For a network attack immune defense method using multi-module learning, details of each module in the flow of each link of the invention are further explained below with reference to the drawings and examples.

The network attack immune defense adopting multi-module learning provided by the invention comprises two parts: the device comprises an intrusion detection module and an intrusion prevention module. The focus of the invention is on the first module. The intrusion detection module mainly comprises three steps of data preprocessing, feature representation based on pre-training and anomaly detection based on a cognitive memory network, which will be described in detail later. In the intrusion prevention module, linux-based command operations are mainly used to prevent attacks detected by the intrusion detection module. If a probe attack occurs, the IP addresses of the sender and attacker are obtained and all packets from the attacker's IP are discarded or blocked, similarly if a DOS attack occurs, the system records the port number of the attacked port and simultaneously blocks all packets passing through that port number and does nothing if the output of the detection section is normal. Thus, by using all administrator privileges, it is possible to use scripts running in the background to prevent intrusions, protecting the system from any type of intrusion that may occur in the network, and thus preventing any type of attack.

The specific intrusion detection and defense flow is shown in fig. 2. The data collection module is mainly used for regularly collecting some information side data, such as network flow and segmentation data, and physical side data, such as time, position, equipment id, network segment, area, equipment type feature, user organization and other associated data. The feature calculation module has the main function of performing feature learning on multi-source data obtained after preprocessing collected data, uses a pre-trained model which has good generalization capability and can learn the representation of rich semantic information under large-scale data, and can be applied to fine tuning on a small data set of a downstream task. The attack detection module has the main function of detecting the abnormality by using a self-learning model and is an unsupervised method. The defense module and the recovery module are used for processing the abnormal data packet detected in the previous step and then taking certain measures to recover the normal communication of the host.

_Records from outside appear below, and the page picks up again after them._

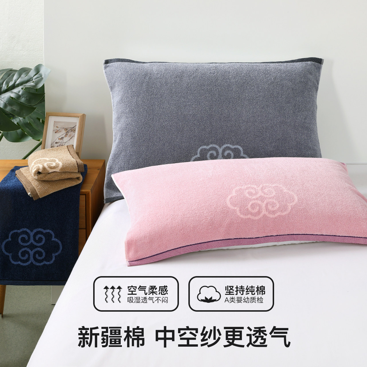 金号枕巾纯棉花式线AB纱高支枕头巾垫巾柔软透气吸汗全棉通用尺寸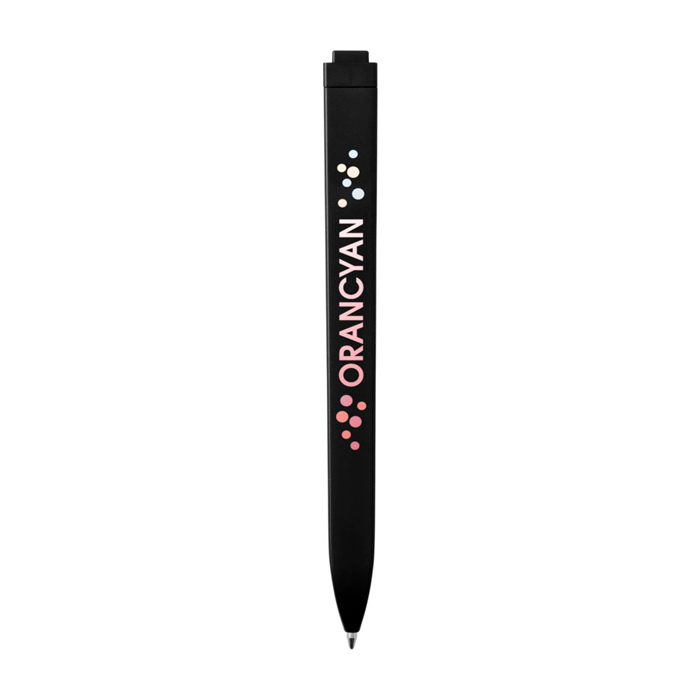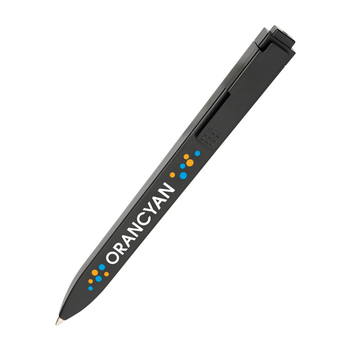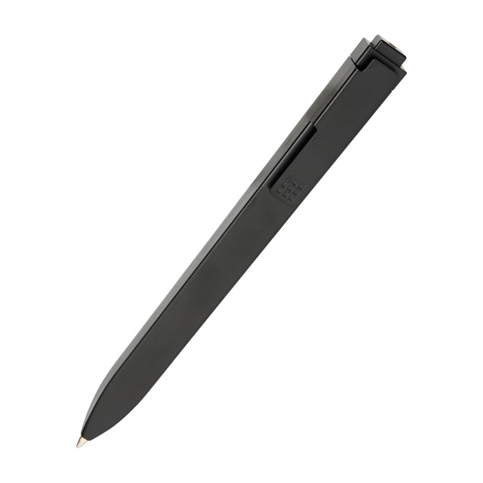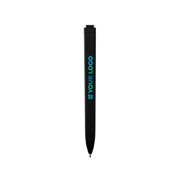 Zwarte plastic pen, ontworpen om aan de zijkant van notitieboeken met harde kaft te klikken zodat je hem altijd bij de hand hebt. De rechthoekige behuizing geeft extra grip en helpt je gecontroleerd te schrijven tijdens meetings of onderweg. De intrekbare punt van 1 mm beschermt de vulling wanneer je hem niet gebruikt en voorkomt vlekken in tassen of etuis. Zwarte inkt voor scherpe, constante lijnen. Gemaakt in Europa: een praktische keuze voor merkacties op kantoor en events.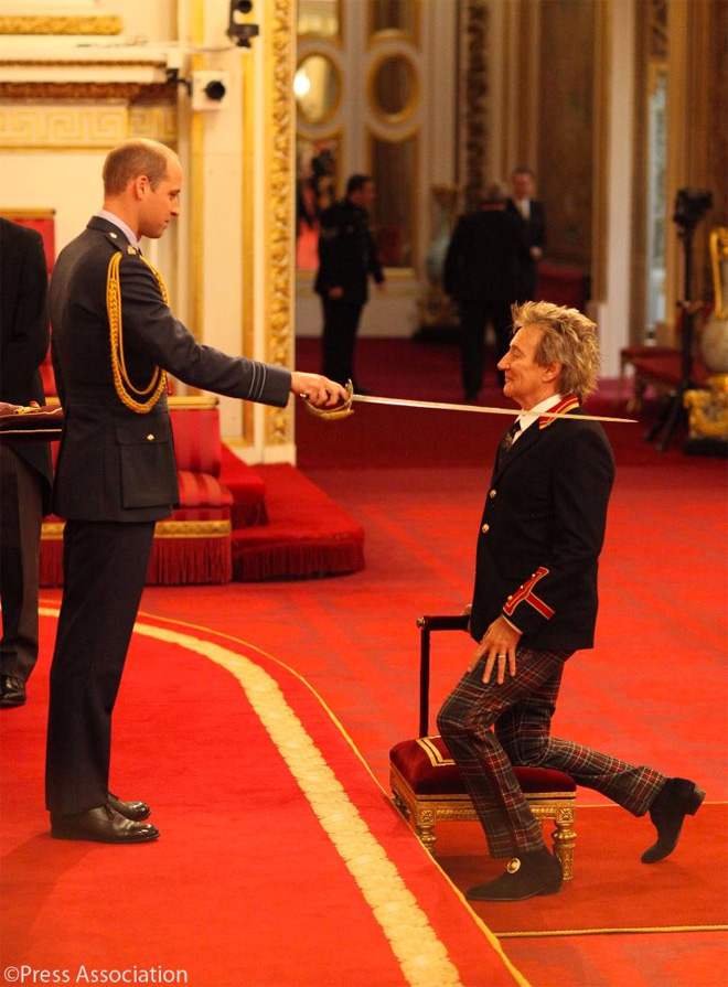 音楽と慈善活動への功績が認められ、6月、英女王の公式誕生日にナイト爵が授与されることが発表されていたロッド・スチュワートが、火曜日(10月11日)、バッキンガム宮殿で執り行なわれた儀式に出席。ウィリアム王子からナイト爵を授けられた。

Intrusion detection module

The intrusion detection module comprises three processes of data preprocessing, feature representation based on pre-training and an anomaly detection model based on a cognitive memory network. The module is mainly used for determining data required to be collected by a system, performing feature learning by using a pre-training model aiming at multi-source data to obtain features with more representative meanings on safety, and detecting problem data packets from the existing data according to a cognitive memory network. Warns it and provides it to the next module for specific defense strategy selection.

1) Data preprocessing:

intrusion detection on a system requires a relatively comprehensive understanding of a target system, and a general statistics and understanding of the source and structure of data. In this scenario, the information-side data, the physical-side data, and the association relationship therebetween in the system are focused on. After the information is obtained, corresponding data preprocessing is performed according to a required model, and generally, continuous data discretization, redundant feature removal, important feature screening, feature value standardization, data set category imbalance solving and the like are performed on network stream data.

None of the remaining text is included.